In the process of spatial transformation, the typical situation is that the image will be distorted when the image is amplified. This is because there are some pixel locations not included in the transformed image. To illustrate this problem, assume that there is a 64x64 grayscale image a, and now the image is enlarged to 256x256, as shown in Image B, 1. Obviously, according to the simple ry conversion relationship, we can know that the pixel values (x, y) in the B image correspond to (X/4, Y/4) in the image) the pixel value, that is
B (x, y) = a (x/4, Y/4) (type 1)
For (4, 4), (4, 8), (4, 16 )... (256,256) the position in a can be calculated through Formula 1 to obtain the gray value. However, )... If the coordinate points are calculated according to formula 1, the coordinates corresponding to them in expression A are no longer integers. For example, for the coordinate point (0.25) in B, the corresponding coordinate in a is changed to (0.25 ). For digital images, decimal coordinates are meaningless. Therefore, we must consider using some method to obtain the gray level of the pixel in B at the corresponding position in.
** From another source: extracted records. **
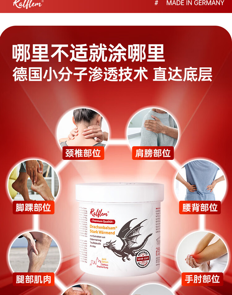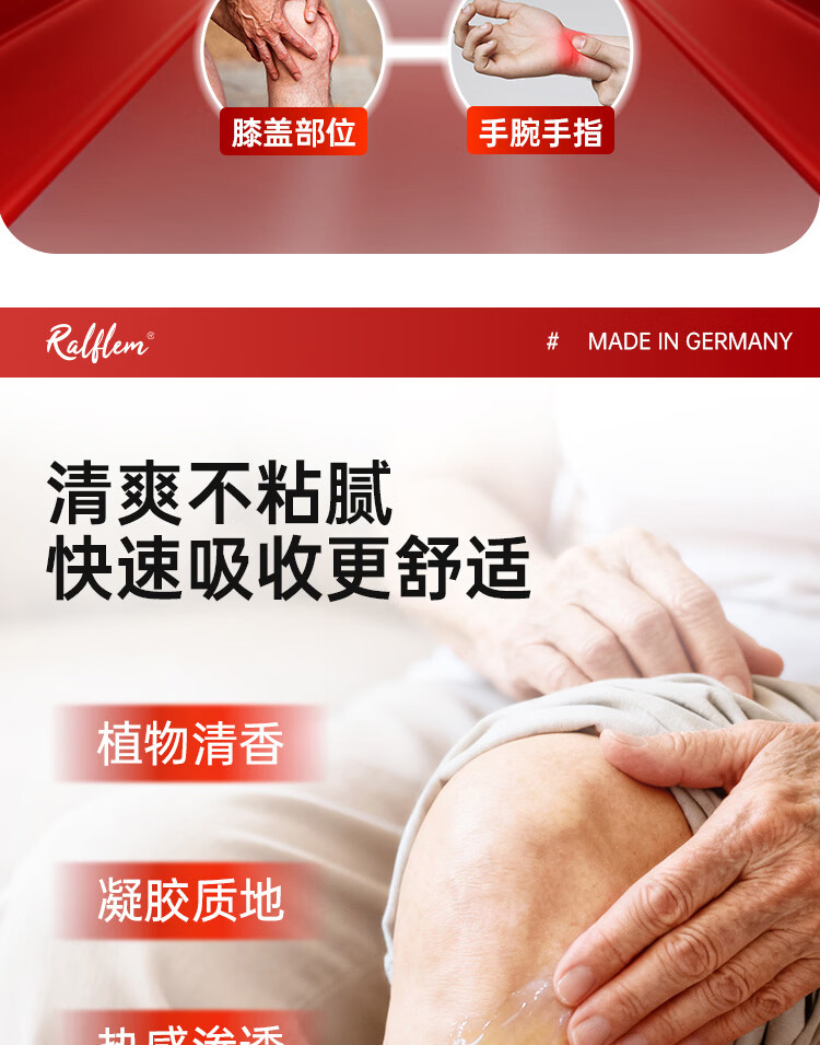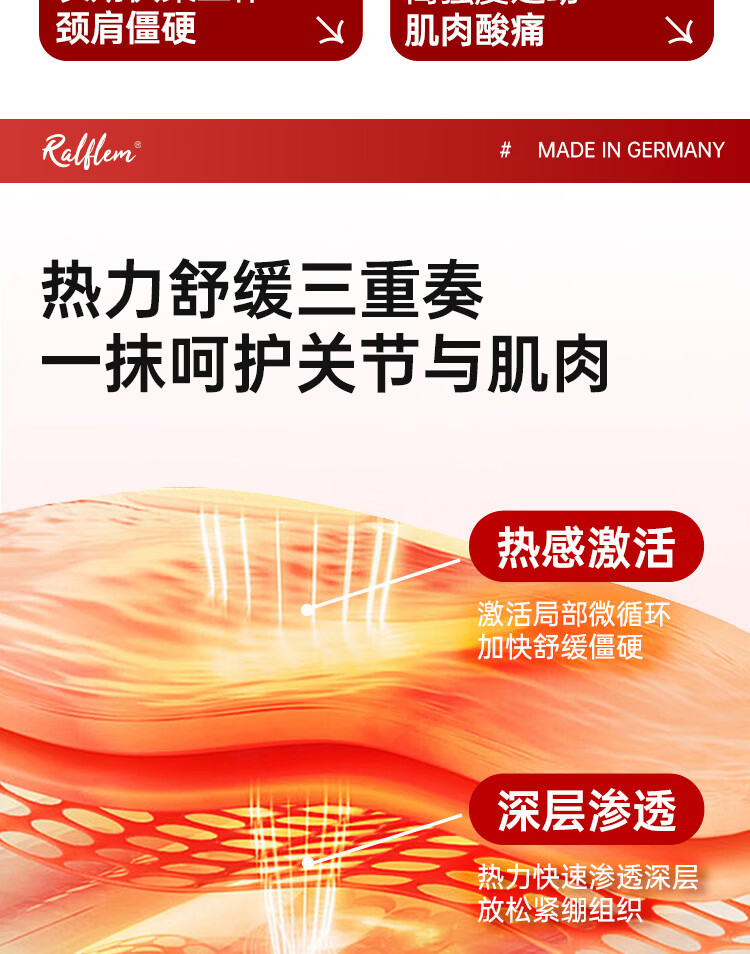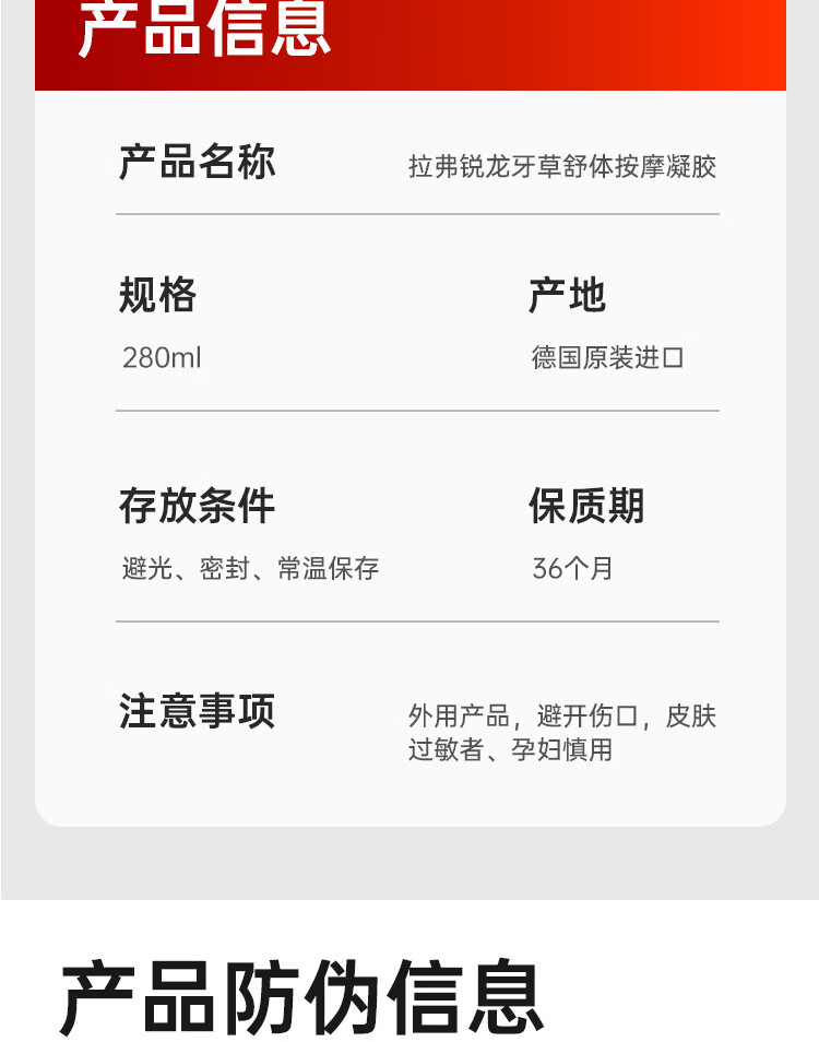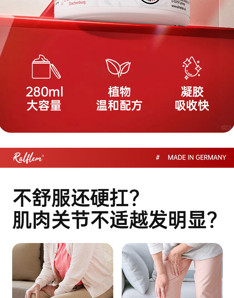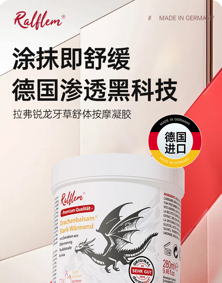 拉弗锐Ralflem德国进口运动热身按摩舒缓膏肩颈腰膝盖关节肌肉热敷凝胶 拉弗锐龙芽草舒体按摩凝胶 100mL * 1支
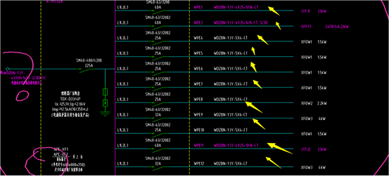 答:以系统图为准,干线为WDZB-YJY-5*16,T接箱之前为WDZB-YJY-5*16,T接箱之后为WDZB-YJY-5*6。
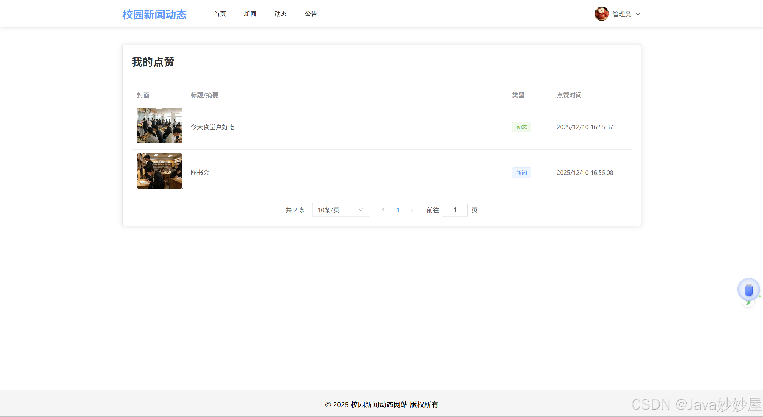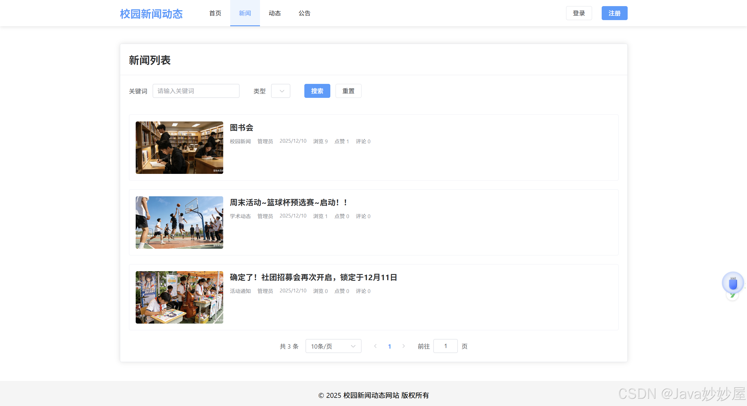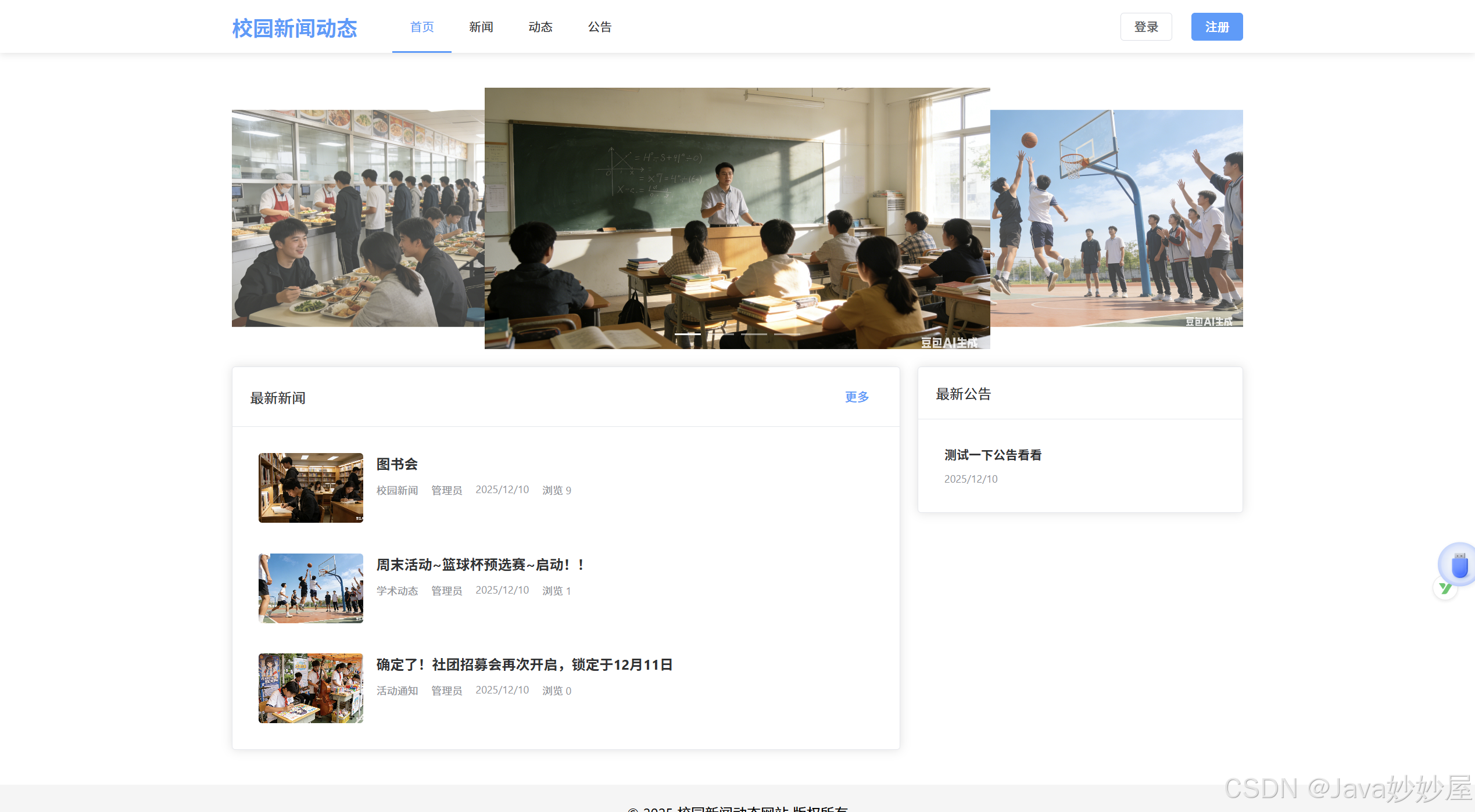 基于 Spring Boot 3.1.5 + MyBatis-Plus 3.5.8 + Vue3 + MySQL + Element-Plus 开发的校园新闻动态网站系统。
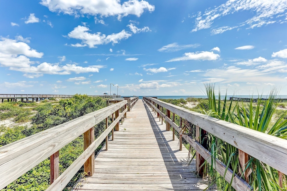 Met een verblijf bij dit appartement in Fernandina Beach, bevind je je aan het strand, op 10 min. rijden van Omni Amelia Island Resort Golf en Fernandina Beach. Dit appartement ligt op 1,6 km van Fernandina Beach Golf Club en op 2 km van Seaside Park. Maak het je gemakkelijk in dit appartement dat beschikt over een keuken met een koelkast/vriezer en een oven. Er is een privé balkon. Een flatscreentelevisie en een dvd-speler zijn voorzien voor je entertainment, en er is gratis wifi om verbonden te blijven. Er zijn verschillende voorzieningen aanwezig, waaronder een magnetron en een koffiezetapparaat/waterkoker. Afstanden worden weergegeven tot op 0,1 mijl en kilometer.
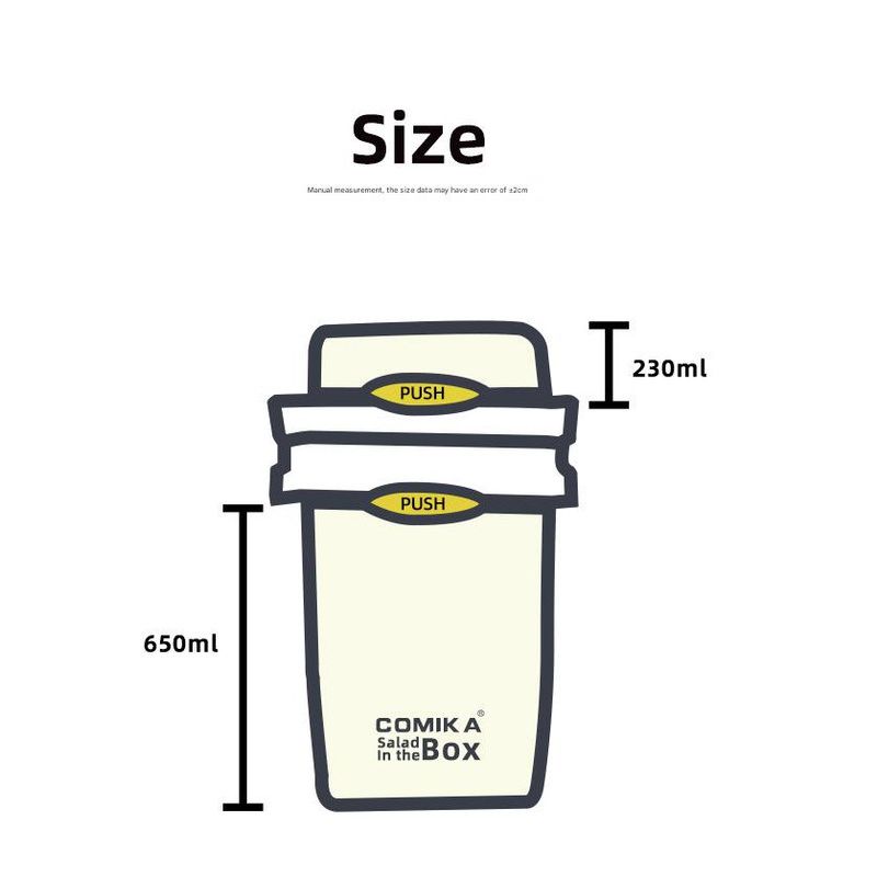 Revolutionize your on-the-go meals with our innovative "Salad in the Box" Portable Meal Cup! This cleverly designed container is perfect for enjoying fresh salads, yogurt parfaits, overnight oats, fruit, nuts, and more, wherever your day takes you. Its smart dual-compartment system keeps your main ingredients separate from toppings or dressings until you're ready to mix and eat, ensuring ultimate freshness and crunch.
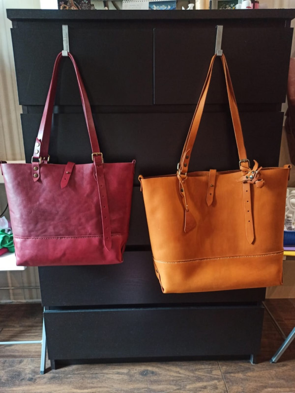 На выходных у супруги появился ещё один шопер, полюбившегося дизайна в размере от оригинальной выкройки 80%. Кожа юфть от V. I. B. Leather: vk.com Оранж-vk.com Вишня-vk.com

The method for processing this problem is called gray-level Interpolation of images. There are three common interpolation methods: Recent neighbor interpolation, bilinear interpolation, and double cubic Interpolation. Theoretically, the latest neighbor interpolation has the worst effect, and the double three interpolation has the best effect. The bilinear interpolation effect is between the two. However, for image interpolation that is not strictly required, bilinear interpolation is usually enough.
This article uses MATLAB to implement a bilinear interpolation program.
The principle 2 of bilinear interpolation is shown in. There are two ways to map coordinates between images: if the source image is mapped to the target image, it is called forward ing, and vice versa, it is called backward ing. Obviously, bilinear interpolation uses backward ing.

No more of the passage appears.